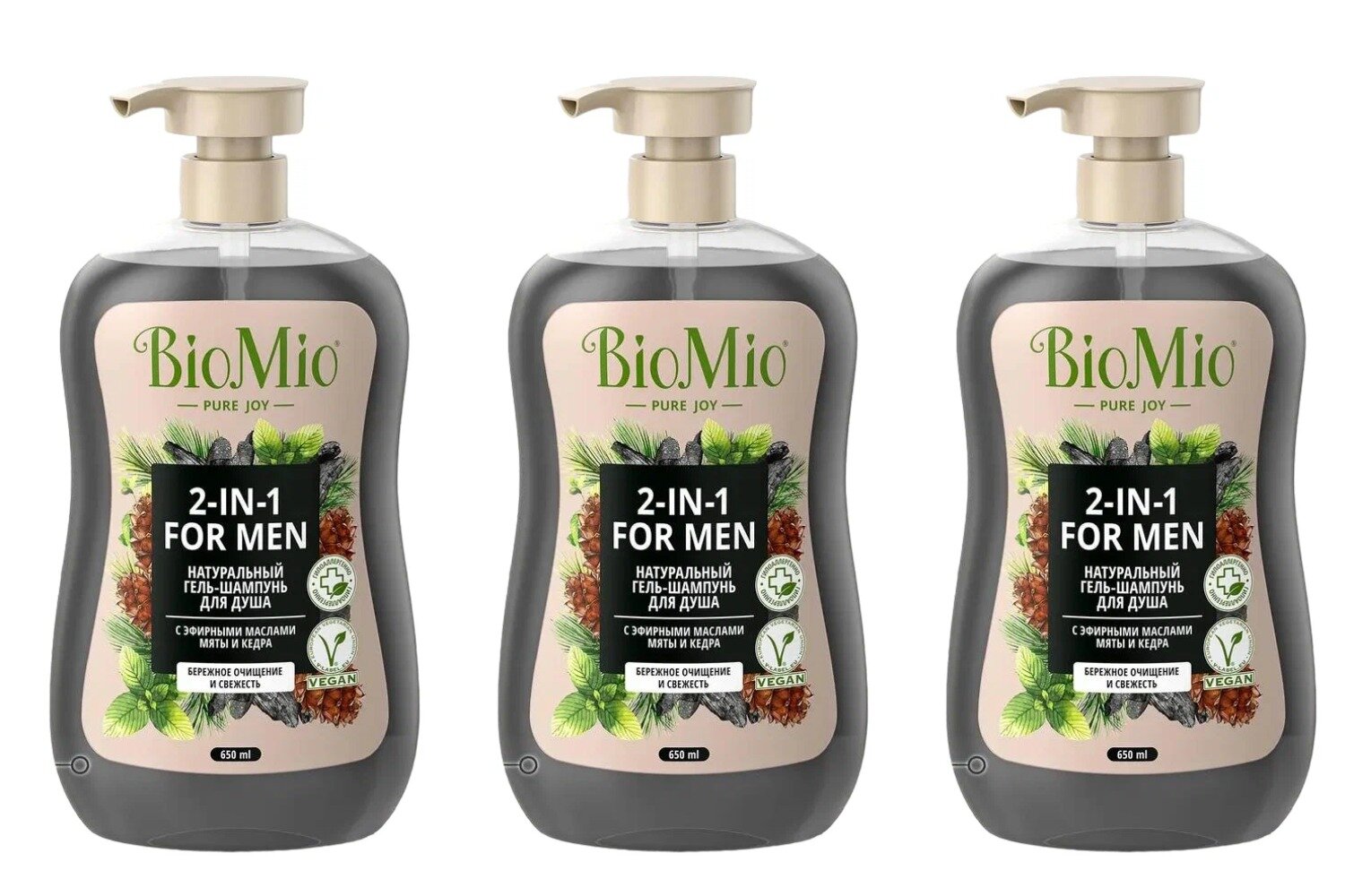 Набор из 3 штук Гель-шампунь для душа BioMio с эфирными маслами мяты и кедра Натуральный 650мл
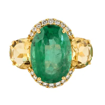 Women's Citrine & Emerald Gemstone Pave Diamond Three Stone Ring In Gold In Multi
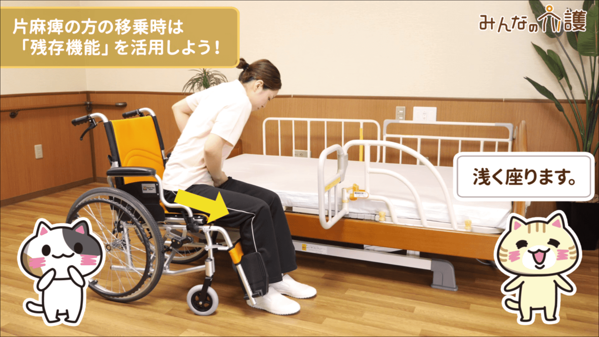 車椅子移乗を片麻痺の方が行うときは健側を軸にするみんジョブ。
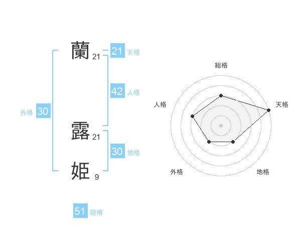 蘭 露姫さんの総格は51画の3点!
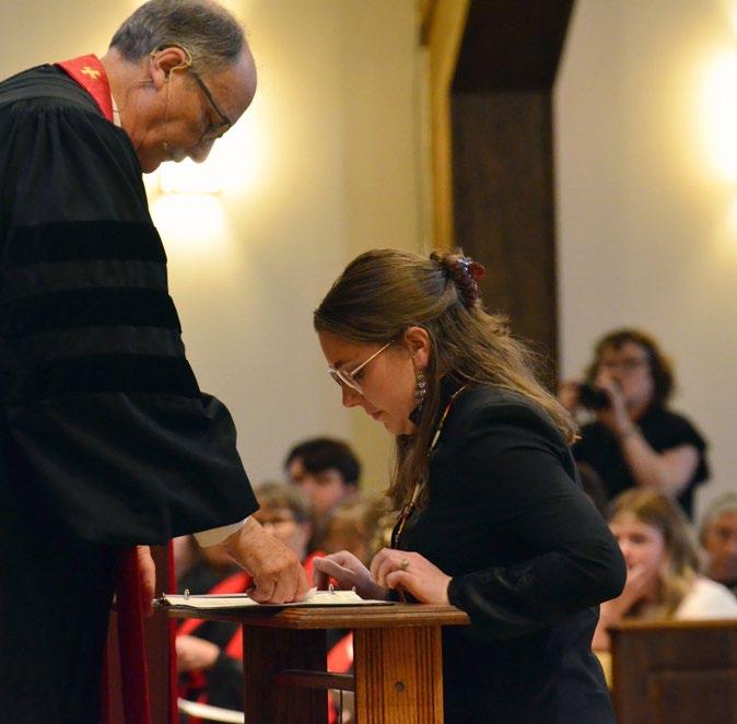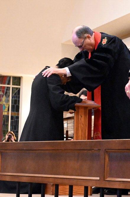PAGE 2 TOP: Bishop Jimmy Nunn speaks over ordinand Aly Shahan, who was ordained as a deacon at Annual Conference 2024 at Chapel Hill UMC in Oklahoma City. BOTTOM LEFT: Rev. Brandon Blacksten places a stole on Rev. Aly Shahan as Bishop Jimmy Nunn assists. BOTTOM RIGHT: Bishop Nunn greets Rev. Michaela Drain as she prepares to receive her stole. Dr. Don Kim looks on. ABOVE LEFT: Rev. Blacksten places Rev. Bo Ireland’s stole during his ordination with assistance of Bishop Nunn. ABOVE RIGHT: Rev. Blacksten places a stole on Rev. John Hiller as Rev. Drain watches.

__Work item__
In full and without any pictures, print the listing above exactly.

__Exercise output__
 Набор из 3 штук Гель-шампунь для душа BioMio с эфирными маслами мяты и кедра Натуральный 650мл
 Women's Citrine & Emerald Gemstone Pave Diamond Three Stone Ring In Gold In Multi
 車椅子移乗を片麻痺の方が行うときは健側を軸にするみんジョブ。
 蘭 露姫さんの総格は51画の3点!
PAGE 2 TOP: Bishop Jimmy Nunn speaks over ordinand Aly Shahan, who was ordained as a deacon at Annual Conference 2024 at Chapel Hill UMC in Oklahoma City. BOTTOM LEFT: Rev. Brandon Blacksten places a stole on Rev. Aly Shahan as Bishop Jimmy Nunn assists. BOTTOM RIGHT: Bishop Nunn greets Rev. Michaela Drain as she prepares to receive her stole. Dr. Don Kim looks on. ABOVE LEFT: Rev. Blacksten places Rev. Bo Ireland’s stole during his ordination with assistance of Bishop Nunn. ABOVE RIGHT: Rev. Blacksten places a stole on Rev. John Hiller as Rev. Drain watches.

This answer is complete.